(Data for the task):
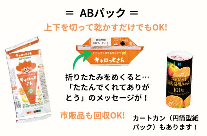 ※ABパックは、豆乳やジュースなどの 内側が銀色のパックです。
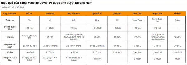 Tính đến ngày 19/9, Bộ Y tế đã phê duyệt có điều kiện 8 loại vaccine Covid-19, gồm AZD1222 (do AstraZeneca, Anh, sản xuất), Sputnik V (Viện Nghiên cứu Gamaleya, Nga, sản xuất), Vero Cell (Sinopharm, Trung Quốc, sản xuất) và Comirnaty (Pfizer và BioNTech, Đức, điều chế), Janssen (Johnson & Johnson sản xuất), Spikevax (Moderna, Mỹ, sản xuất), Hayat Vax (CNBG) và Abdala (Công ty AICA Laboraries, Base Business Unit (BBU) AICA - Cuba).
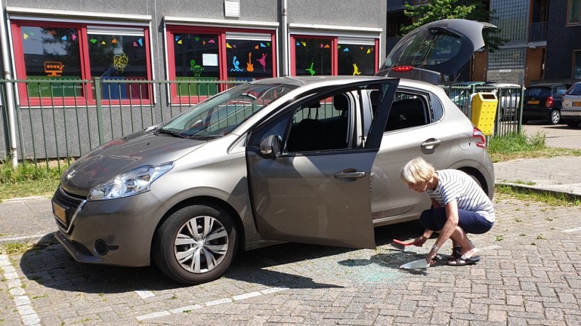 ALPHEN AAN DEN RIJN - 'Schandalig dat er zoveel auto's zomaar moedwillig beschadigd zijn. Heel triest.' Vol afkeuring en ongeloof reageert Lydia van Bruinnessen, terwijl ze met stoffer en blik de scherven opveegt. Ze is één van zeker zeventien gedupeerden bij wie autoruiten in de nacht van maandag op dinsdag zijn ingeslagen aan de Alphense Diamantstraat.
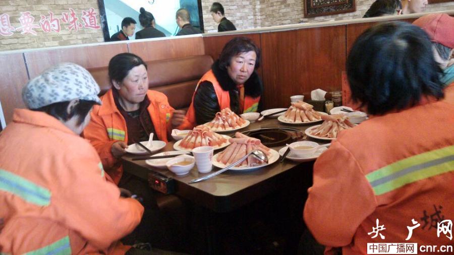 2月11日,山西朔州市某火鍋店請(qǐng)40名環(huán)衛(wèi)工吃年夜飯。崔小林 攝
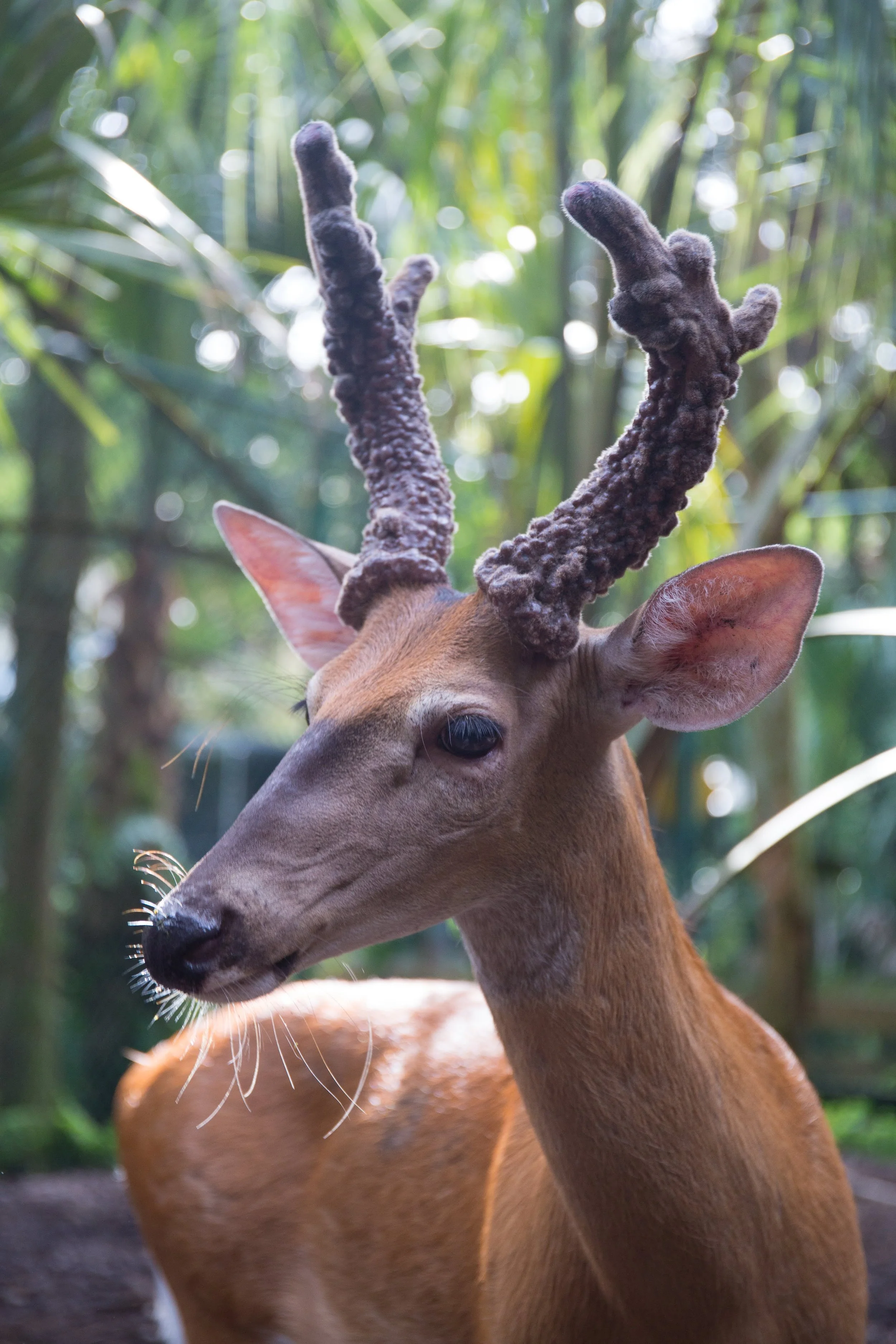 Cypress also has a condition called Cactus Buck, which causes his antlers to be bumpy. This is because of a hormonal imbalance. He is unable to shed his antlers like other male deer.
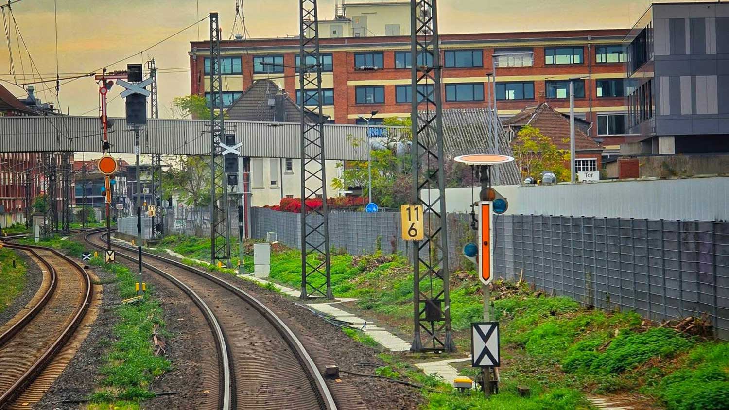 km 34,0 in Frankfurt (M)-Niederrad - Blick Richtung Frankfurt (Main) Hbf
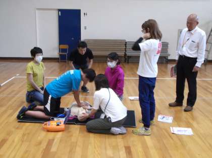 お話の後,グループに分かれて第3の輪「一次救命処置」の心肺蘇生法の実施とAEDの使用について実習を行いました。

(Exercise aim): Transcribe the whole of the data exactly, minus any pictures.

(Answer section):
 ※ABパックは、豆乳やジュースなどの 内側が銀色のパックです。
 Tính đến ngày 19/9, Bộ Y tế đã phê duyệt có điều kiện 8 loại vaccine Covid-19, gồm AZD1222 (do AstraZeneca, Anh, sản xuất), Sputnik V (Viện Nghiên cứu Gamaleya, Nga, sản xuất), Vero Cell (Sinopharm, Trung Quốc, sản xuất) và Comirnaty (Pfizer và BioNTech, Đức, điều chế), Janssen (Johnson & Johnson sản xuất), Spikevax (Moderna, Mỹ, sản xuất), Hayat Vax (CNBG) và Abdala (Công ty AICA Laboraries, Base Business Unit (BBU) AICA - Cuba).
 ALPHEN AAN DEN RIJN - 'Schandalig dat er zoveel auto's zomaar moedwillig beschadigd zijn. Heel triest.' Vol afkeuring en ongeloof reageert Lydia van Bruinnessen, terwijl ze met stoffer en blik de scherven opveegt. Ze is één van zeker zeventien gedupeerden bij wie autoruiten in de nacht van maandag op dinsdag zijn ingeslagen aan de Alphense Diamantstraat.
 2月11日,山西朔州市某火鍋店請(qǐng)40名環(huán)衛(wèi)工吃年夜飯。崔小林 攝
 Cypress also has a condition called Cactus Buck, which causes his antlers to be bumpy. This is because of a hormonal imbalance. He is unable to shed his antlers like other male deer.
 km 34,0 in Frankfurt (M)-Niederrad - Blick Richtung Frankfurt (Main) Hbf
 お話の後,グループに分かれて第3の輪「一次救命処置」の心肺蘇生法の実施とAEDの使用について実習を行いました。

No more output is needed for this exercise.